Opinion : Homa Hoodfar

Celle dont Trudeau ne prononce pas le nom

Conférence de presse. Justin Trudeau et Stéphane Dion, premier ministre et ministre des Affaires étrangères, sont outrés.

M. Trudeau, poing sur la table, dit d’un ton ferme : « Le Canada a déjà perdu une vie dans cette prison de Téhéran. C’est assez ! » M. Dion renchérit : « Oui, on ne peut se permettre de laisser la professeure Homa Hoodfar une semaine de plus. Nous travaillons activement pour qu’elle revienne au bercail. » Je me réveille. Je rêvais. Et c’est la réalité qui est un cauchemar.

Homa, professeure émérite de l’Université Concordia, a maintenant passé plus de 100 jours en isolement à la prison d’Evin de Téhéran et non, il n’y a pas eu de conférence de presse et je n’ai pas entendu son nom prononcé par mon premier ministre.

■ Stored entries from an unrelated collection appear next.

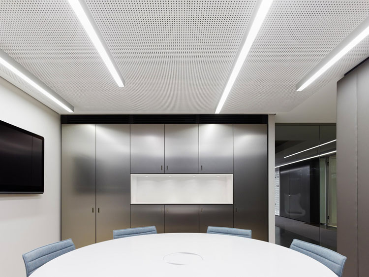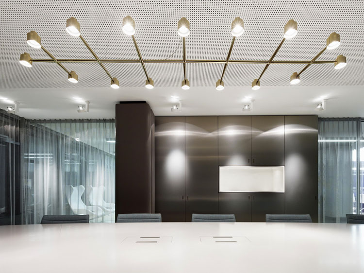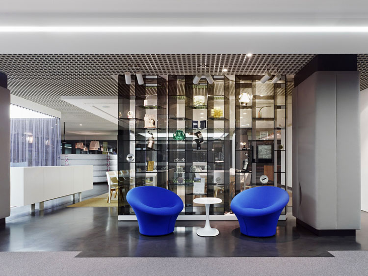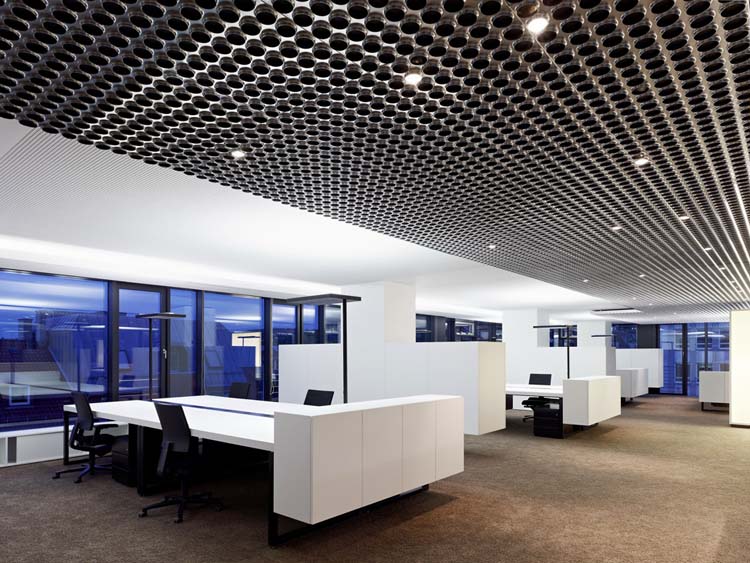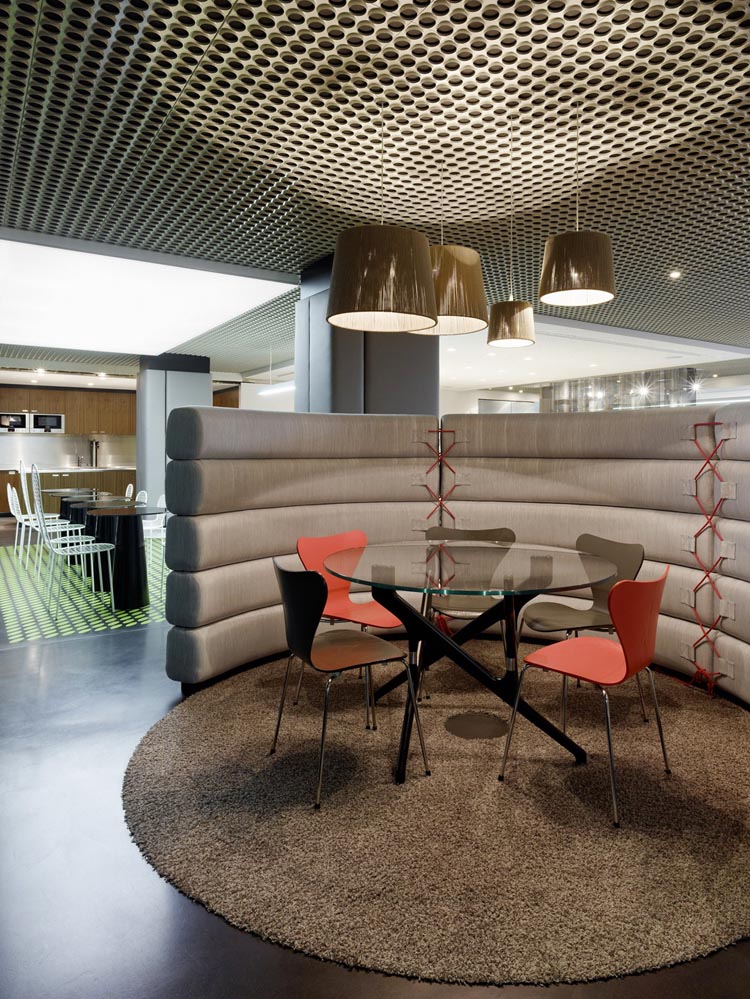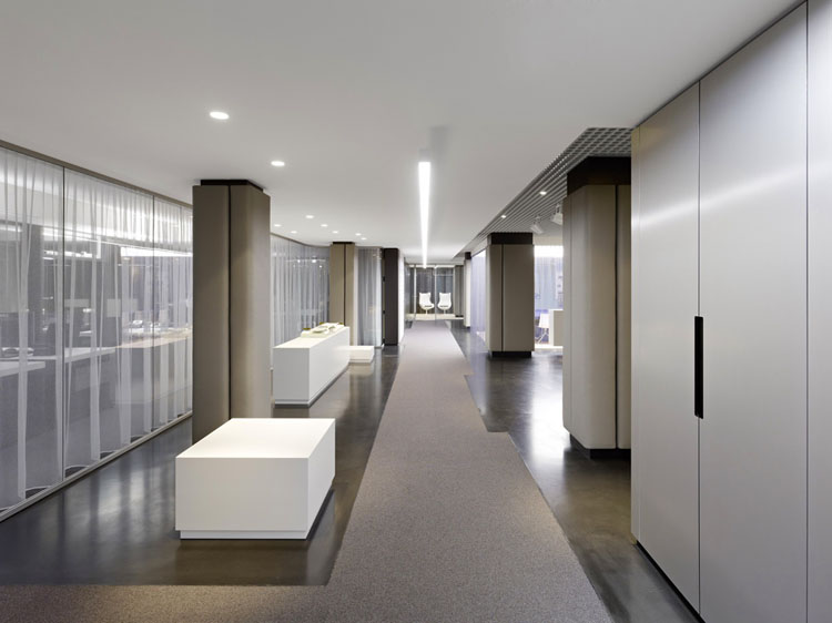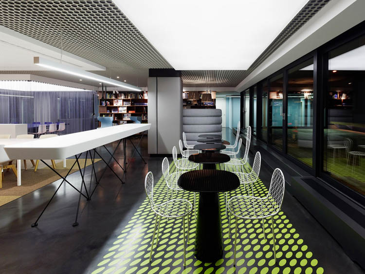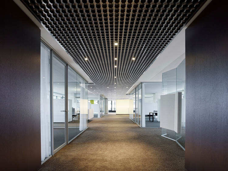 其概念是設(shè)置一個(gè)為所有部門共用的交流空間,以及滿足不同協(xié)作需要的不同分區(qū)。原先單獨(dú)、分散化的辦公室變成大型開放式的辦公空間,鼓勵(lì)同事之間的交流。每一個(gè)樓層都有單獨(dú)的辦公室和單獨(dú)的工作組空間,以及大型開放式工作間。各個(gè)工作站的工作人員能夠相互交流。玻璃立面的辦公室中,十字形的結(jié)構(gòu)將開放式的空間分隔為各個(gè)單元,但又是集中的工作環(huán)境。一系列暖色調(diào)的材料營造出不同的氣氛,有時(shí)候讓員工感覺到像在家里一樣。辦公樓中的地毯有著清晰的路徑指示和功能分區(qū)。就餐區(qū)地板上的綠點(diǎn)如同變魔術(shù)一樣變出草地的效果,構(gòu)筑起通向露臺的一道概念式的橋梁。向露臺打開的半圓形裝飾空間與其他部分區(qū)分開來,透明的蕾絲幕布構(gòu)成了半私密的空間,而清新的色彩、深藍(lán)色的桌子和粉色的地毯,無不為員工帶來激發(fā)工作情緒的氛圍。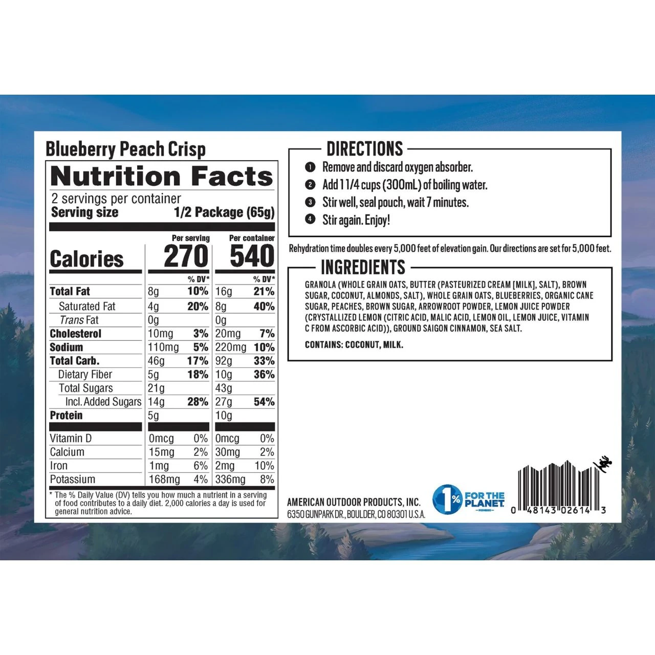 What does summer taste like? We think a warm fruity crisp is as close as it gets. Try this delicious crisp with sweet blueberries, tart peaches, and buttery baked oats. Each bite is warm and juicy with just the right about of cinnamon spice. With only 10 ingredients this dessert is simply the perfect culmination of every meal. Tastes like something mom would make on a summer night. Just add hot water to enjoy!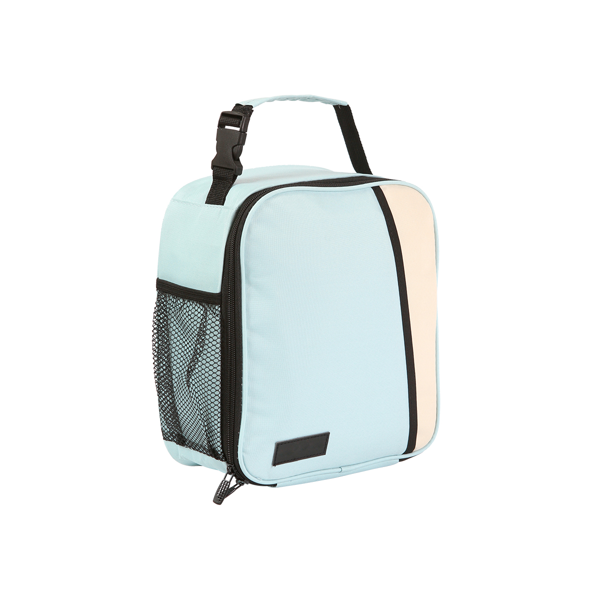 Lonchera térmica fabricada en poliéster y papel aluminio, con cubierta de curpiel y diseño bicolor. Incluye dos asas y cierre metálico. Perfecta para transportar alimentos y conservarlos frescos.

Pourtant, l’heure est grave. Homa est malade. Déjà, début août, elle a dû être hospitalisée. Déjà, elle avait peine à parler et à marcher, ses difficultés possiblement aggravées par la myasthénie dont elle est affligée. Et on peut imaginer les conditions de la prison d’Evin : on les dit des plus brutales.

Pour aller de mal en pis, le juge qui préside son cas est allé à l’encontre de la Constitution et du droit de l’Iran en renvoyant l’avocat de Homa et en nommant lui-même son remplaçant, déterminé à la voir condamnée pour son féminisme.

Le crime de Homa est d’avoir voulu améliorer la vie des femmes.

En tant qu’anthropologue, Homa a voyagé pendant 40 ans pour étudier le rôle des femmes dans les sociétés musulmanes. Elle a critiqué certains anthropologues occidentaux pour leur façon orientaliste de voir les femmes du soi-disant tiers-monde et leur perpétuation des stéréotypes à leur sujet.

En menant ses recherches avec un respect et une générosité extraordinaires envers les femmes d’Iran, d’Égypte et du Pakistan, entre autres, Homa a entendu leurs voix et contribué à décoloniser l’anthropologie, à déconstruire les mythes au sujet des femmes musulmanes, voilées ou non, et à documenter l’émergence de perspectives axées sur les femmes qui remettent en question les visions conventionnelles sur le genre.

Homa a écrit plusieurs livres et des dizaines d’articles-clés dans sa discipline. Ses écrits sont reconnus internationalement, mais ses étudiants l’aiment à cause de son dévouement et de sa générosité à leur égard. Des milliers de Québécois ont eu Homa comme professeure et des dizaines l’ont eue comme directrice de thèse et ont pu apprécier cette femme de cœur. 

Ses élèves enseignent maintenant partout sur la planète en continuant à transmettre cet intérêt pour l’équité, cette façon ouverte de voir les genres et la sexualité (comme dans les plus récents écrits de Homa) et cette façon de s’intéresser au sort des femmes, de toutes les femmes, même les plus pauvres, les plus opprimées, les plus marginalisées, les plus oubliées par nous, ici, au Canada.

UN MOUVEMENT MONDIAL

Si des signes concrets de la préoccupation de notre gouvernement canadien manquent aujourd’hui, nous, les collègues de Homa, nous joignons à ses étudiants et à des universitaires de multiples pays pour continuer notre campagne visant à faire libérer Homa. Amnistie internationale, PEN International, Québec solidaire, le Parti vert, des dizaines d’associations féministes ou d'enseignement au pays et dans le monde ont signé des pétitions.

Nos collègues irlandais ont déjà fait une démonstration, vêtus de leur toge, devant l’ambassade d’Iran à Dublin. Et hier, 22 ex-rapporteurs spéciaux de l’ONU ont déposé une demande aux représentants de l’Iran à l’ONU pour que soit respectées les lois iraniennes et les ententes internationales dont l’Iran est signataire. Entre autres celle concernant les « objectifs de développement durable » de l’ONU (par exemple, l’objectif 5 est de « Parvenir à l’égalité des sexes et autonomiser toutes les femmes et les filles »).

Homa est un atout inestimable pour l’Université Concordia, le Québec et le Canada. Elle est une des nôtres et doit rentrer au pays. Nous planifions des actions un peu partout autour de nous et invitons tous ceux qui ont à cœur la liberté académique à se joindre à nous pour œuvrer à la libération immédiate et inconditionnelle de Homa.